Ultrafast lasers have enabled the science of physics at attosecond (${10}^{-18}$) timescales, so that it is at last possible to study matter on the natural timescale of the motion of electrons. An archetypal process in the quantum mechanics of electrons is photoemission, in which an atom absorbs a photon and emits an electron. The motion of the electron is described quantum mechanically by a wave packet, which has a group velocity and a certain phase. In our experiments, we measure the relative phases of these electron wave packets using high-energy, ultrafast pulses of short-wavelength light generated by a free-electron laser.

The electrons can be ejected by absorbing either a single photon or two photons with half the energy of the single photon, and we measure the phase difference between these two processes. For neon, we find phase differences corresponding to times between 0 and 230 attoseconds, depending on the direction of emission. These numbers are similar to values measured in other atoms and molecules, averaged over all angles, but here they are resolved in angle. This highlights the importance of considering the direction of emission when describing an electron wave packet.

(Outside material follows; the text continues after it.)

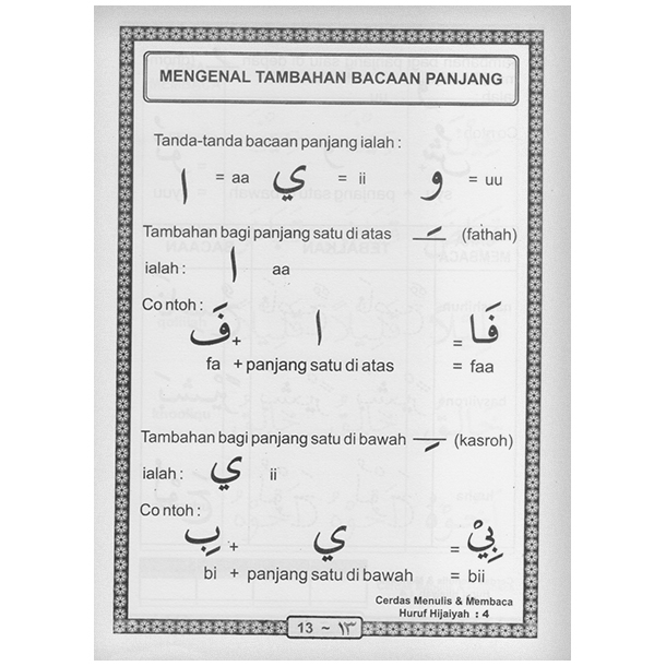 Cerdas Menulis dan Membaca Huruf Hijaiyah 4. Mempelajari huruf Hijaiyah adalah syarat utama untuk membaca Al-Quran. Karena huruf-huruf tersebut menjadi dasar pembentukan kata dan kalimat dalam Al-Quran. Dalam Al-Quran, huruf-huruf Hijaiyah tidak dipisahkan, tetapi saling berhubungan. Ada beberapa karakter Hijaiyah yang bisa disatukan dan dipisahkan. Anda harus dapat membedakan dan membaca karakter yang bisa disatukan dan tidak bisa disatukan. Melalui seri buku ini, anak-anak akan diajak untuk mempelajari cara menulis dan membaca huruf Hijaiyah.
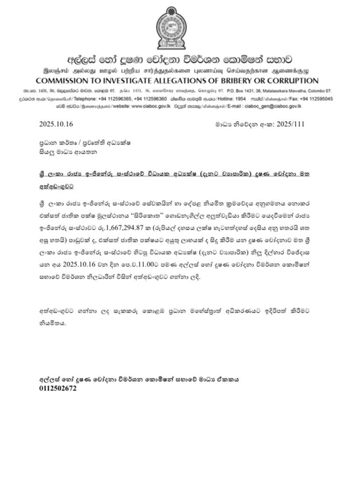 According to the Bribery Commission, he is scheduled to be presented before the Chief Magistrate of Colombo today. (Newswire)

This measurement complements existing methods for measuring the phases of such fast processes, which use an infrared pulse and extreme ultraviolet pulses. Having demonstrated the method on single atoms, we plan in the future to apply it to molecules, where the physics is complicated by lower symmetry, and the possible occurrence of processes not present in atoms.

Figure 1

Scheme of the experiment: Bichromatic, linearly polarized light (red and blue waves), with momentum ${\mathbf{k}}_{\gamma }$ and electric vector ${\mathbf{E}}_{\gamma }$, ionizes neon in the reaction volume. The electron wave packets (yellow and magenta waves) are emitted with electron momentum $\mathbf{k}$. The $m$-averaged phase difference $\mathrm{\Delta }\tilde{\eta }$ between wave packets created by one- and two-photon ionization depends on the emission angle. The photoelectron angular distribution depends on the relative (optical) $\omega \text{−}2\omega$ phase $\varphi$. Lower figures: Polar plots of photoelectron intensity at $E_k=16.6\mathrm{eV}$ for coherent harmonics (asymmetric, colored plot) and incoherent harmonics (symmetric, gray plot).

Figure 2

Upper: Typical photoelectron yields $I(\theta ;\varphi )$ as a function of optical phase $\varphi$ at intervals of polar angles $\theta$. The signal is integrated over the 5° intervals shown on the right. The curves are not shifted; thus, their vertical position reflects directly the value $A_0$ in Eq. (4). The photoelectron kinetic energy is 7.0 eV. Circles are experimental results; lines are sinusoidal fits of the experimental results. Lower: Extracted phase shift differences as a function of the polar angles, for four datasets and three photoelectron kinetic energies: left (c), 7.0 eV; middle (d), 10.2 eV; right (e), 16.6 eV. Circles are experimental results; shaded areas show their uncertainties. Dashed lines, perturbation theory; solid lines, real-time ab initio theory. Note that the curves in (a) and (b) oscillate in antiphase, because they correspond to emission directions on opposite sides of the photon propagation direction.

Figure 3

Phase shift differences $\mathrm{\Delta }\tilde{\eta }$ of two-photon ionization relative to single-photon ionization, calculated by perturbation theory, as a function of the polar angle $\theta$ and photoelectron kinetic energy. The large variation near 12.0 eV kinetic energy is due to the $2p\to 3s$ resonance.

Figure 4

Plot of $(5\cos 2\theta -1)/4$ as a function of $\theta$.